The city is hemorrhaging small businesses, and surveys suggest two-thirds of its restaurants will close by the end of the year. To avert that, Kavanagh teamed up with Niou, who represents Lower Manhattan, as well as two City Council members, Brad Lander and Keith Powers, who will craft city-level legislation, on measures to let the city offer a tax break to landlords who renegotiate leases to help commercial tenants make ends meet.

That may be a long shot, given the city government’s perilous fiscal situation and reluctance to forsake tax revenue. Landlords would be eligible for the benefit if they renegotiate lease terms and either the landlord or tenant suffered financial hardship because of Covid. The new lease would be subject to annual rent increase limits, set by the city, and the legislation would expire in 12 years.

One bill axed from the Senate’s rent-reforms at the last minute in 2019 met little resistance from lawmakers this year, but has not yet been signed by Cuomo. The legislation, sponsored by state Sen. Neil Breslin, who represents Albany, and Assembly member William Magnarelli, who represents Syracuse, would revise the 485-a property tax abatement, which gives a 12-year tax break to developers who add apartments to commercial properties.

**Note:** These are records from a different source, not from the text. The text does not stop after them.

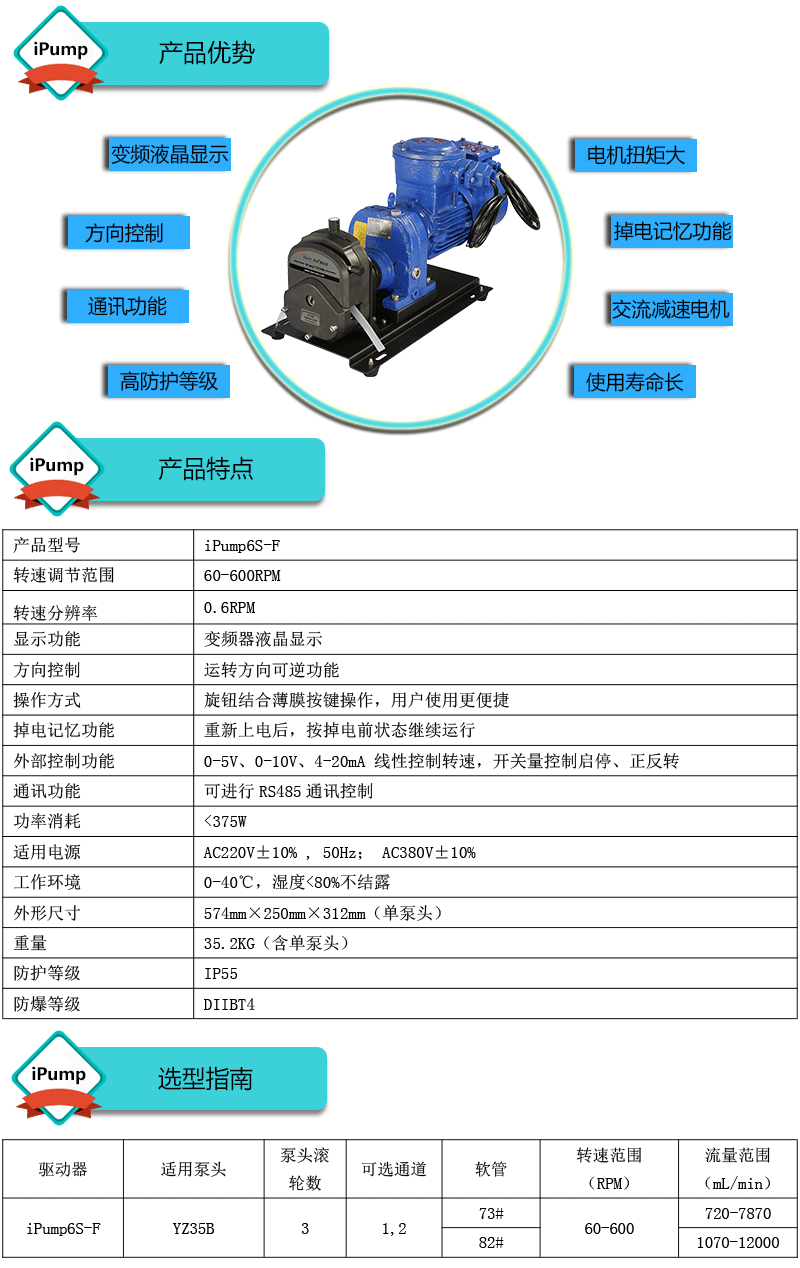 1.流量范圍:715.00-12033.33mL/min 2.免維護(hù)交流防爆減速電機(jī)驅(qū)動(dòng),變頻器調(diào)節(jié)轉(zhuǎn)速 3.電機(jī)扭矩大,可級(jí)聯(lián)雙泵頭 4.防爆等級(jí)DIIBT4,適合易燃易爆環(huán)境使用
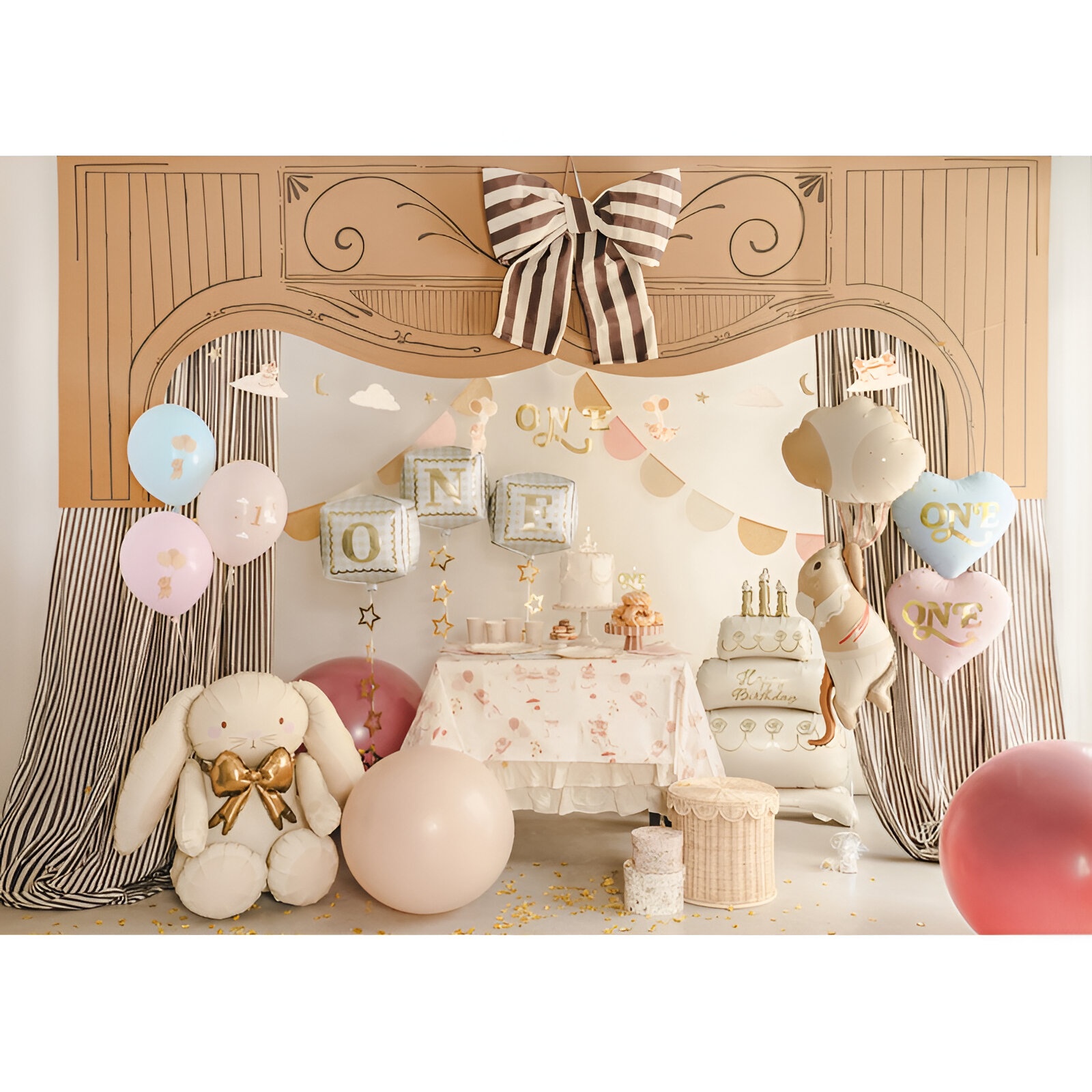 Foil Balloon Bunny in Creme- und Hellrosa-Tönen mit goldener Schleife - entworfen, um Babyshowers und Taufen eine zarte, elegante Note zu verleihen. Vor dem Aufblasen misst der Ballon ca. 104,5 x 99 cm; aufgeblasen erreicht er etwa 74 x 84 cm. Er ist für das Aufblasen mit Luft vorgesehen und bietet eine definierte Form sowie eine glänzende Oberfläche, die in jeder Dekoration auffällt.
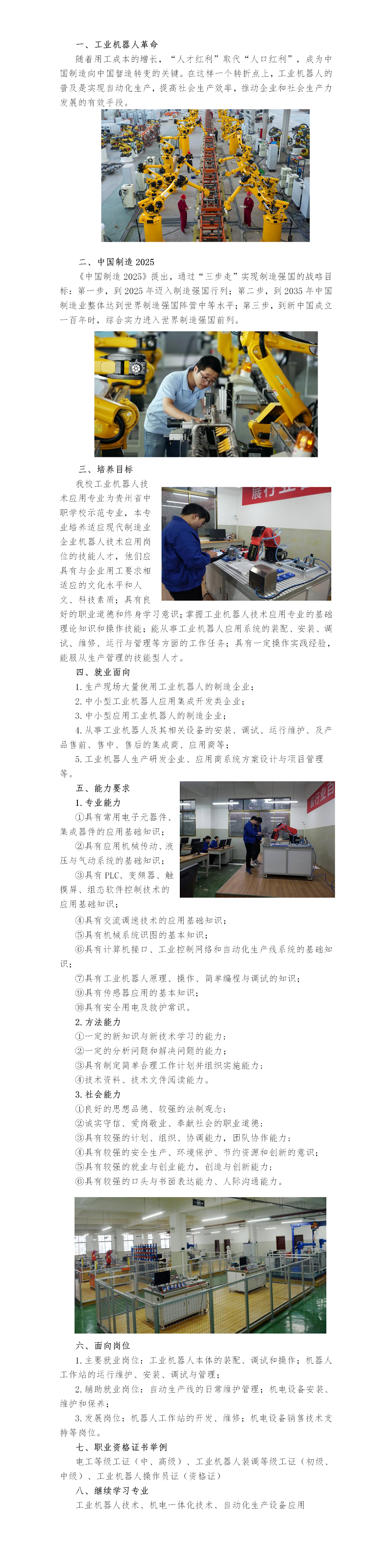 - 贵州职校工业机器人专业
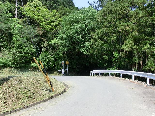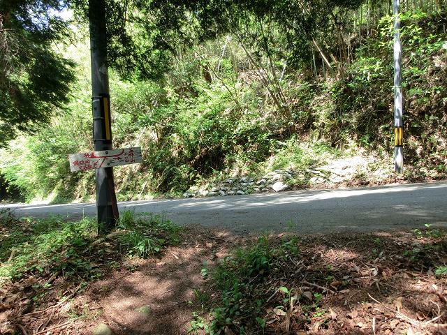 少し先の左カーブに、登山口を示す道標があり、右へ入る林道がありましたので、そちらへ進みました。
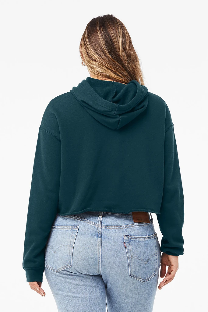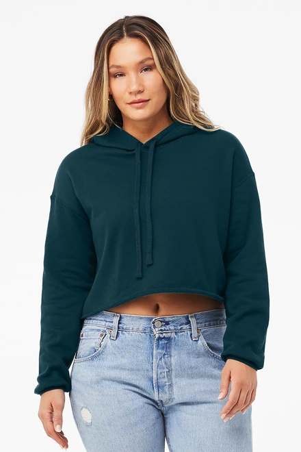Tato trendy dámská zkrácená mikina s kapucí je nutností pro váš podzimní šatník. Díky surovému okraji a obarvenému tak, aby ladil se stahovací šňůrkou, je módní, zatímco polybavlněný česaný fleece přináší bezkonkurenční úroveň pohodlí.
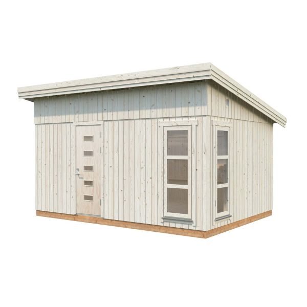 Stugan Etta från Palmako har en modern och stilren design som gör att den passar utmärkt i alla miljöer. Denna omtyckta stuga har ett skandinaviskt uttryck med det flacka taket, smala fönster och den moderna dörren med små fönster. Ett perfekt extrautrymme att använda som gästhus, båthus, hemmakontor eller varför inte ett eget litet gym? Stugan levereras i en komplett byggsats och med möjligheten att placera väggar, dörrar och fönster dom du själv önskar. Det gör att du enkelt anpassar utseendet efter eget behov och smak. Det går dessutom utmärkt att lägga till fler fönster för ett ännu större ljusinsläpp! Ingår i serien Palmako Nordic Houses.
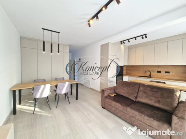 Koncept Imobiliare va ofera spre inchiriere un apartament cu 2 camere situat intr-un ansamblu privat, in imediata apropiere a Motelului Gilau. Imobilul, in suprafata de 56,70 mp utili este situat la etajul 1 intr-un imobil tip vila cu doar 3 apartamente pe scara si este compus din: hol, living cu bucatarie open space, dormitor cu dressing, baie cu geam si un balcon de 3 mp. Apartamentul dispune de finisaje moderne, centrala termica proprie, ferestre cu 3 foi de sticla, masina de spalat vase si se inchiriaza mobilat si utilat complet, fiind disponibil imediat. Complexul in care se afla dispune de un parc privat de 2.350 mp, destinat exclusiv locatarilor, dotat cu locuri de joaca, banci si vegetatie matura care ofera umbra naturala. Pentru confortul dumneavoastra, in pret este inclus si un loc de parcare exterior. Datorita locatiei frumoase, a ansamblului premium in care se afla, cat si pentru finisajele noi de care dispune, acest imobil se recomanda pentru un cuplu care doreste sa beneficieze de aer curat, natura, intimitate si confort. Pentru informatii suplimentare, programarea unei vizionari sau pentru a va prezenta oferta noastra completa, nu ezitati sa ne contactati telefonic, prin e-mail sau la sediul agentiei noastre de pe str. Aviator Badescu nr. 19, Cluj-Napoca.

A spokesperson for Sen. Breslin said his office has heard no objections from Cuomo but had no idea when the governor would ask to sign the bill.

Critics of the existing tax break have accused developers of exploiting it. A 2019 report found that at 96 properties in Buffalo, the total value of 485-a was $66.9 million through 2030.

Under the new legislation, to receive that benefit, more than half the building would have to be residential and at least 15 percent commercial. The measure also eliminates an exception for previously vacant land.